Tuesday, March 03, 2015

Curmudgeon goes to a funeral, comes away moody

My friend Steve and I went to a funeral yesterday. I wouldn't tell you whose it was -- that would compromise my anonymity -- and, frankly, if I described it, even, I'd give it away. So maybe I'll tell the story of why I felt I had to go some other time, when it won't be as easy to connect the dots.

The decedent had been politically involved. I can say that much. His eulogist said a lot more about that. A lot more.

And it was very entertaining. Very funny. Very impressive. But the man couldn't have been home much in the evenings.

He was divorced. I knew that. So many lawyers are, you know. I served a term in the state bar Assembly 25 years ago -- my father used to go to the conventions each year, up in Wisconsin, and my wife and I could have dinner and a couple of drinks with him and my mother.

The highlight of the convention, each year, was the installation of the new bar president. We've had a few women presidents since, but in those days, at least, they were all men. And at the big dinner on the last night of the annual meeting, the bar president would give a little speech and proudly introduce his family.

"Isn't that nice?" Long Suffering Spouse would say. "And each daughter is prettier than the next. But where's the wife?"

And my father would lean over and tell her. "See that one on the right? The youngest looking? That's the wife."

My father would lean over to tell my wife this so he could watch the horrified expression on her face as his message sunk in. He was very amused by it. "I think that's the second wife," he'd say, unless he said, "I believe that's wife no. 3." And then he'd add, "You have to spend a lot of time away from home if you want to be president of the bar association."

And that was just state bar politics. You can imagine how much time somebody involved in politics-politics must have been away from home. Absence may make the heart grow fonder, but it takes its toll on the family, too.

The decedent, we were told, was very proud of his family. He had a son and a daughter. His daughter he saw every day. I got the distinct impression he didn't see much of his son or his son's family. They live out East somewhere, and that surely explains some of it. Maybe most of it. But the eulogist, a nephew of the decedent -- making him a first cousin to the decedent's son and daughter -- made it a point to address the son's kids directly from the pulpit. "You don't know me," he began....

You don't know me? Well, my first cousins have roughly 30 kids among them and I don't know them all either. But the eulogist was with their grandpa every day for several decades, he said, as driver, as confidant, as traveling companion, as factorum -- surely if those kids knew their grandfather, they must have known the eulogist as well, right? Well, apparently not....

I have two grandchildren (a third is pending) and both were over at the house over the weekend. I don't suppose the house can be overrun with grandchildren when there are only two, but my wife and I weren't planning on quite so much family togetherness this weekend -- we have a ton of work to do if we hope to get to Youngest Son's Spring Training next week in Florida -- and we were able to accomplish very little. Although going home at nights put an effective kibosh on my political ambitions, at least my grandchildren may get to know me -- if I live long enough. These were heretical thoughts to have, I suppose, during a long eulogy suffused with prominent political names, but there you have it.

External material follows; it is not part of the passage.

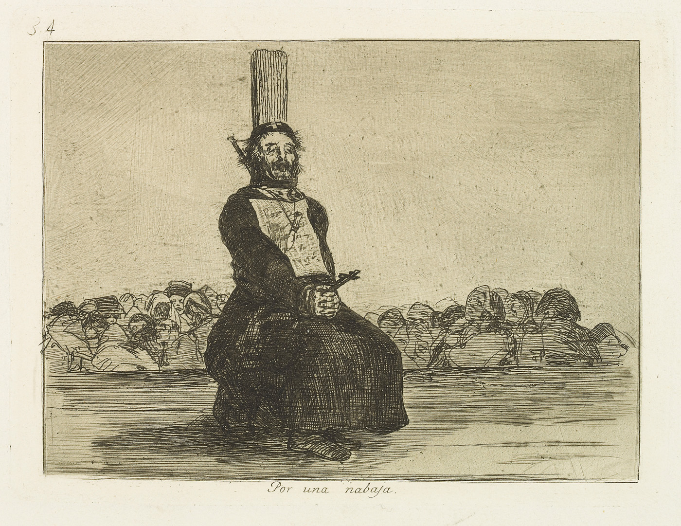 Search collection search This image is restricted, permission must be requested for reproduction. Downloading for commercial use is prohibited. If you wish to obtain rights to reproduce this image please see our Rights and Reproductions page. Francisco José de Goya y Lucientes (1746 - 1828) On account of a knife. Por una nabaja. from "The Disasters of War (Los Desastres de la Guerra)"% 1863 Etching, drypoint, burin and burnisher 9 1/2 x 12 3/4 in. (24.1 x 32.4 cm) Century: 19th Century State: First Edition Plate/Negative Date: c. 1810 - 14 Credit Line: Meadows Museum, SMU, Dallas. Algur H. Meadows Collection, MM.67.08.34 Accession Number: MM.67.08.34 Tweet More Information Submit comments about this object Also found in… Francisco José de GOYA y Lucientes Works on Paper first previous next last record 150 of 240 , "Portfolio is "Francisco José de GOYA y Lucientes"" Michael Bodycomb 03/26/2026 Bookmark: https://meadowsmuseumdallas.org/collections/pages/objects-1/info/1002

Steve and I were walking back to the car after the car after the Mass.

"Charlotte got one of those new iPhones," he told me. Charlotte is Steve's wife.


"Yes," he said, "and she feels compelled, now, to show me anything that she finds interesting. Your new Facebook picture, for example."

Oh, that. As long as the grandkids were over, I made sure that their mothers got some pictures of the kids sitting on my lap. I put one up on Facebook as a new profile picture (in case you're wondering, Long Suffering Spouse doesn't want her picture on Facebook because she's a teacher). "Yeah, I saw she 'liked' it," I said. "I don't know," I went on, "maybe I'm being morbid. But I keep thinking I need new pictures for the tables at the funeral parlor. Just in case."

Steve laughed.

"You know," he said, "we used to go to weddings and take away ideas. I don't like this -- or I'd like to do that -- and we'd try and remember them for our own. Remember?"

"Yes," I said, as we pulled out into traffic, heading back home. "You're doing it at funerals now?" He grunted an affirmative. "Me, too," I said.